A distributed implementation of argon built using Cloud Haskell with a PostgreSQL database.
Distributed-Argon uses cloud haskell, implementing the work-stealing and the master/slave algorithm, for distributing the workload of argon, a library which measures code complexity.
The program accepts a GitHub repository and then calculates the complexity for every file of every commit in the project, storing the results in a database. I created another repository Charting-Complexity to generate the graphs.

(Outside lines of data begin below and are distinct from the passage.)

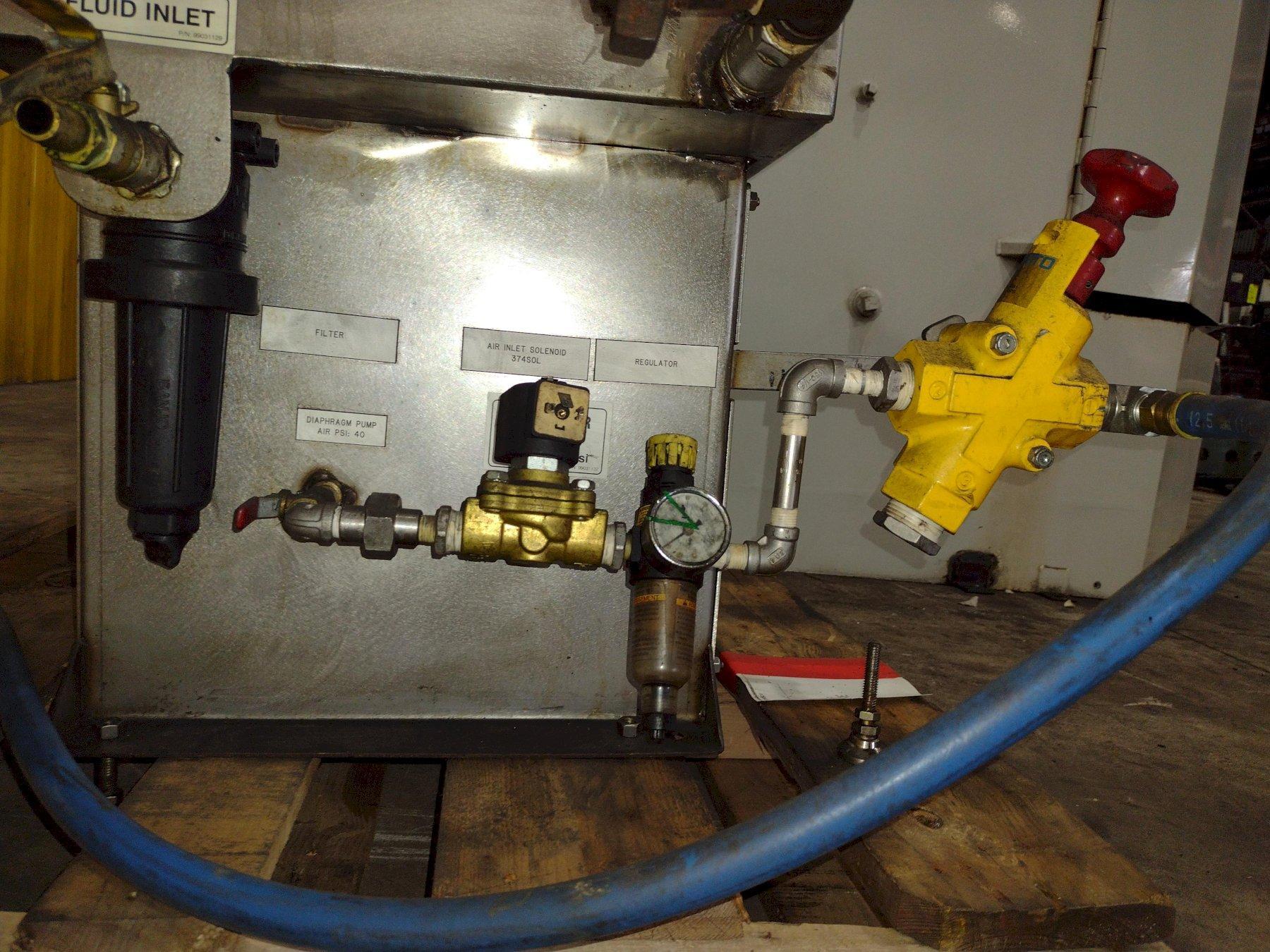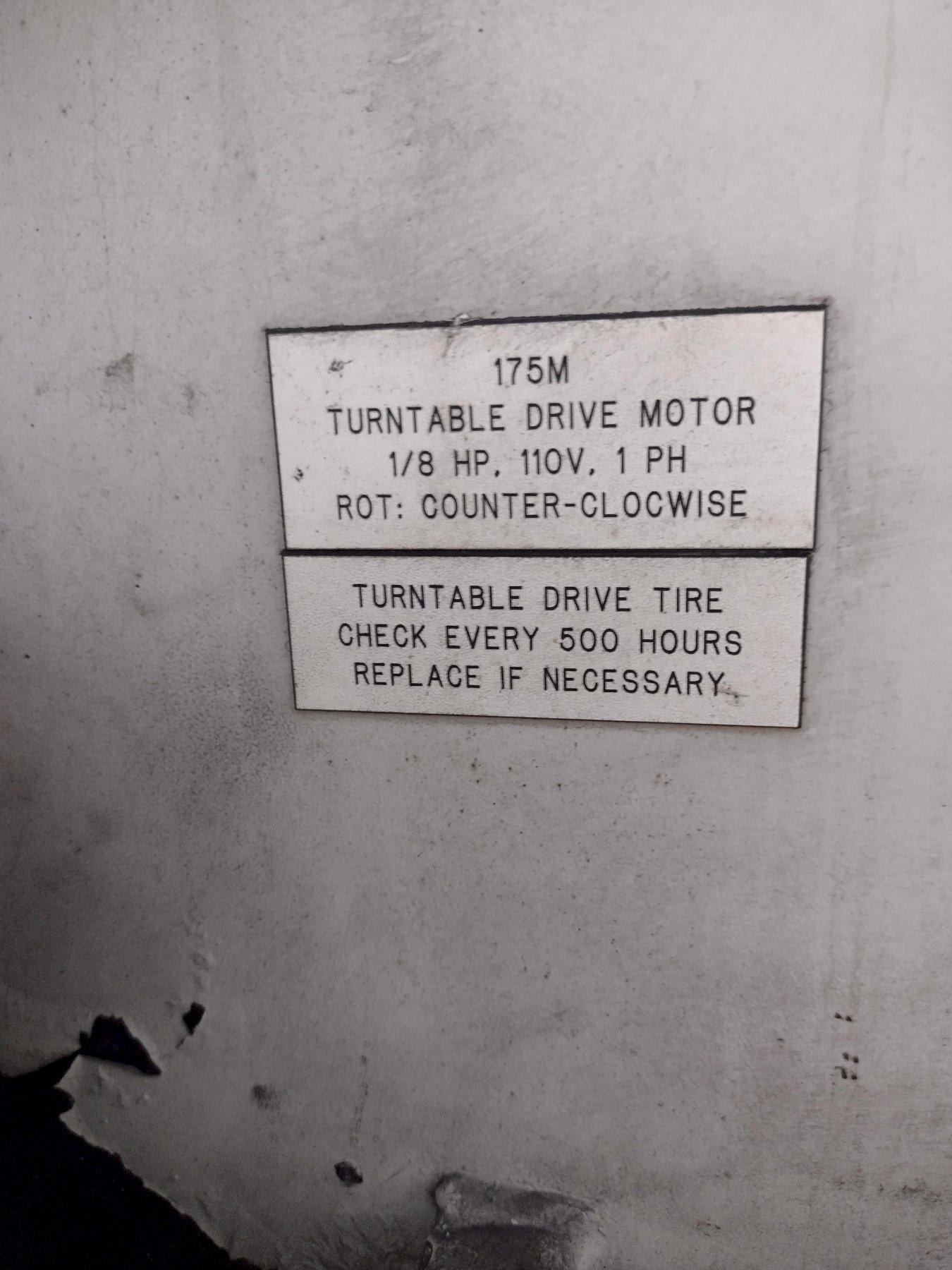 Model ..................... F4000-LXP Year New .................. 2008 Turntable Diameter ........ 40” Working Height ............ 60” Table Weight Capacity ..... 1,500 lbs. Swing Out Door ............ Yes Wash Temperature Readout .. Yes Cycle Timer ............... Yes Vertical Pump ............. 7.5 HP Pump Output ............... 150 GPM/60 PSI Tank Size ................. 140 Gallons Heat ...................... 18 kW Heat-up Time .............. 1.5 Hours |
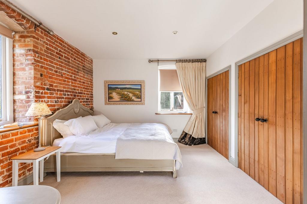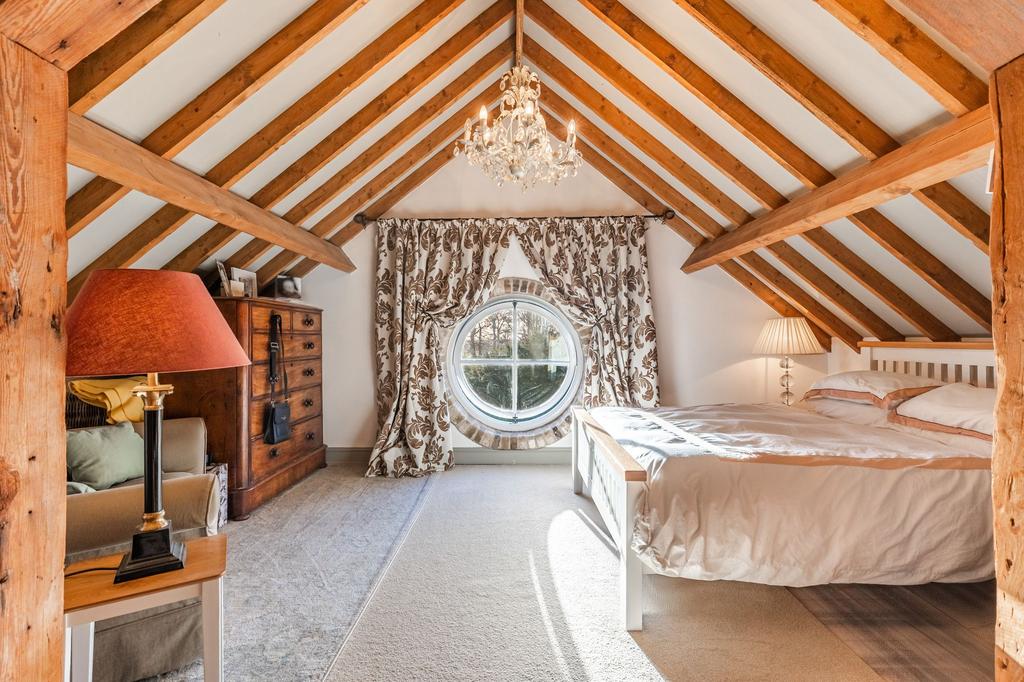 A staircase rises from the entrance hall to the generous principal suite on the first floor. Occupying the southern end of the building it includes a substantial double bedroom, large en-suite bathroom and an impressive dressing room with floor-to-ceiling fitted wardrobes. The remainder of the first floor opens into the barn’s truly breathtaking formal reception space. Double-height with exposed beams, brickwork, elegant plaster detailing and an imposing central fireplace, it is an extraordinary room in both scale and atmosphere. A double staircase leads to a large double bedroom with sumptuous en-suite while at the other end a cast-iron spiral staircase accesses a further mezzanine room via a gantry.
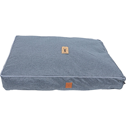 Boony ‘Est 1941’ ligkussen highland grey, highland sand en highland badger is een comfortabel ligkussen voor honden.
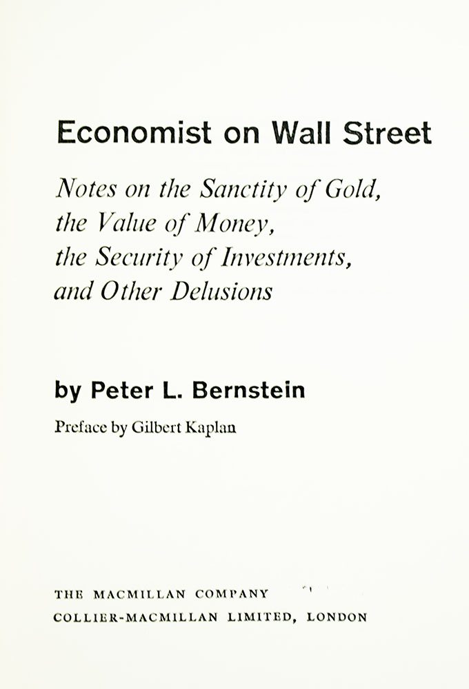 "With Happy Memories and Hopeful Prospects": First Edition of Economist on Wall Street; Inscribed by Peter Bernstein
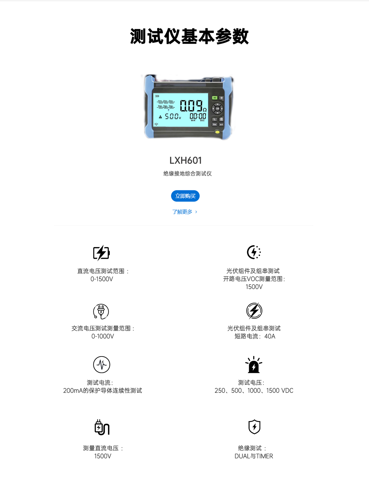 LX-H601絕緣電阻綜合測(cè)試儀應(yīng)用于光伏電站系統(tǒng)的電氣安全測(cè)試與高壓電力設(shè)備的絕緣測(cè)試,整機(jī)涵蓋電壓電流測(cè)試、連續(xù)性接地測(cè)試、極性測(cè)試、Voc、Lsc、絕緣測(cè)試、絕緣故障定位、接地測(cè)試等。
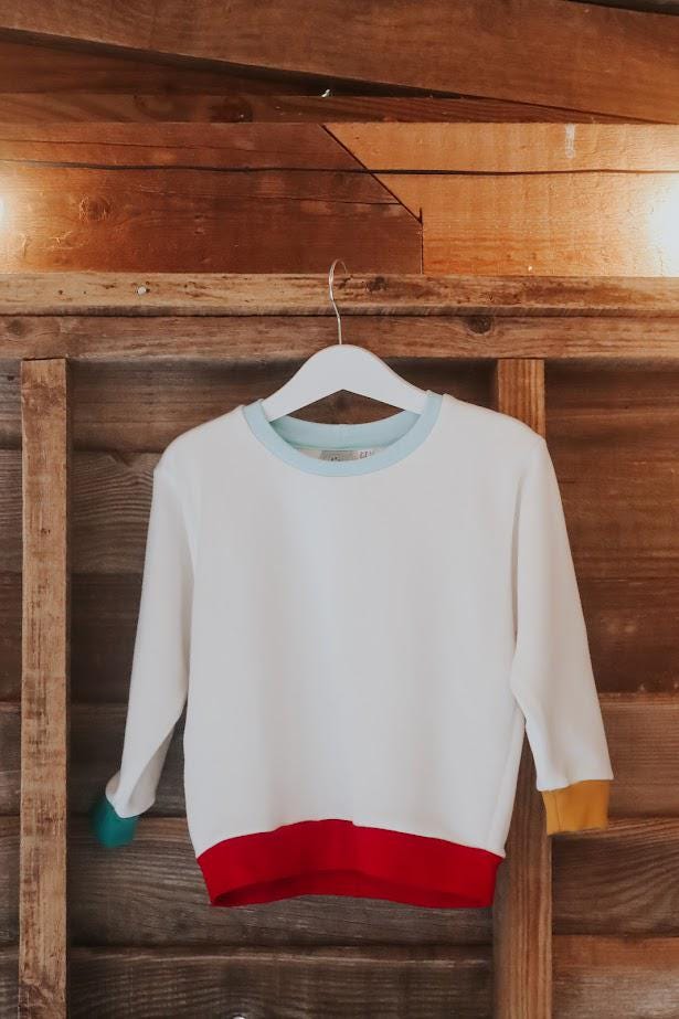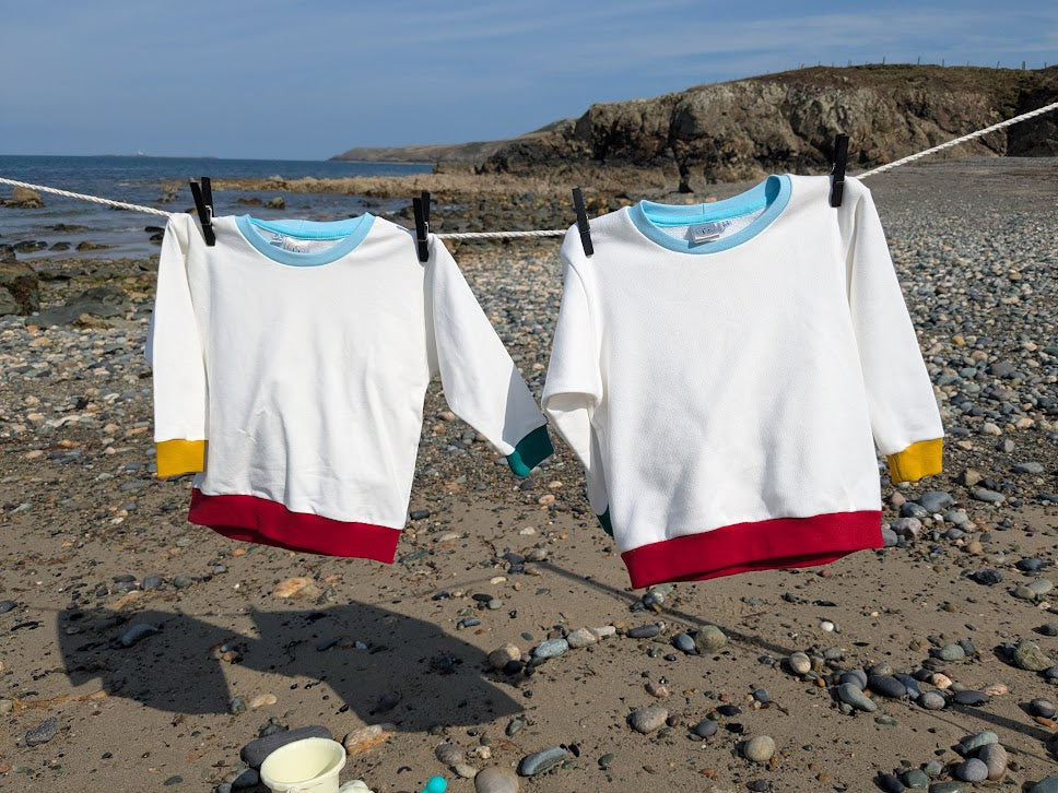 Children's Sweatshirt soft cotton Ecru French Terry fabric with fun Rainbow of Colours on cuffs and neckband -0-6 years-Kid's-Gift

I decided to implement two algorithms and graph their results against eachother.
- Work-Stealing
A worker nodes steal work from the manager. the manager sends each file on a first-come-first-serve basis. The workers evaluate the complexity, return the result and request more work from the manager. This implementation is often referred to as the self-scheduling or work-stealing pattern.
Link to implementation in the source
- Master/Slave
A manager node decides on the distribution of the work. the manager splits up the work evenly (per-file basis) and distributes an even amount to each worker.
Link to implementation in the source
The manager stores the results it receives from the workers in a database as they come in non-deterministically.
As I would have expected, the work-stealing pattern was a faster approach on average. This can be seen from the sample results provided below. Rather than the manager sending files, and the workers waiting, it is faster for the manager to send work to whoever is ready. In the master/slave there is the potential for lost working time while a manager is waiting for a worker to finish some previous task. This does not occur with the work-stealing pattern however, as the manager simply sends the work to whoever is ready.
A PostgreSQL database is used to store the revelant information relating to a repositories complexity and the time taken with various amounts of nodes. There a database maintains two
Repository
Id | Url | Nodes | Start Time | End time |
---|---|---|---|---|
1 | https://github.com... | 2 | 2017-11-26 15:02:36.830273+00 | 2017-11-26 15:03:25.63044+00 |
Commit Info
Id | Commit | Start Time | End Time |
---|---|---|---|
1 | 22939d... | 2017-11-26 15:02:36.830273+00 | 2017-11-26 15:02:36.830273+00 |
Commit Results
Id | Commit | File Path | Complexity |
---|---|---|---|
1 | 22939d... | Distributed-Argon/src/Lib.hs | JSON data |
- PostgreSQL to store the data.
- Stack to build and run the project.
stack build
Fire up two shells and execute the following scripts.
bash workers.sh
bash run.sh <Github Repository> <pattern>
The patterns can be
work-stealing
or master-slave
The number of workers, host address and port numbers, can be edited by altering the worker.sh and manager.sh scripts.
I have built a graphical display of the results using Chart.js. A link to that repo can be found here
Alternatively, as all the necessary information is stored in a database, it can therefore be manipulated in any way you see fit.
To all the argon contributors for allowing me to display my distributed programming skills with their great library!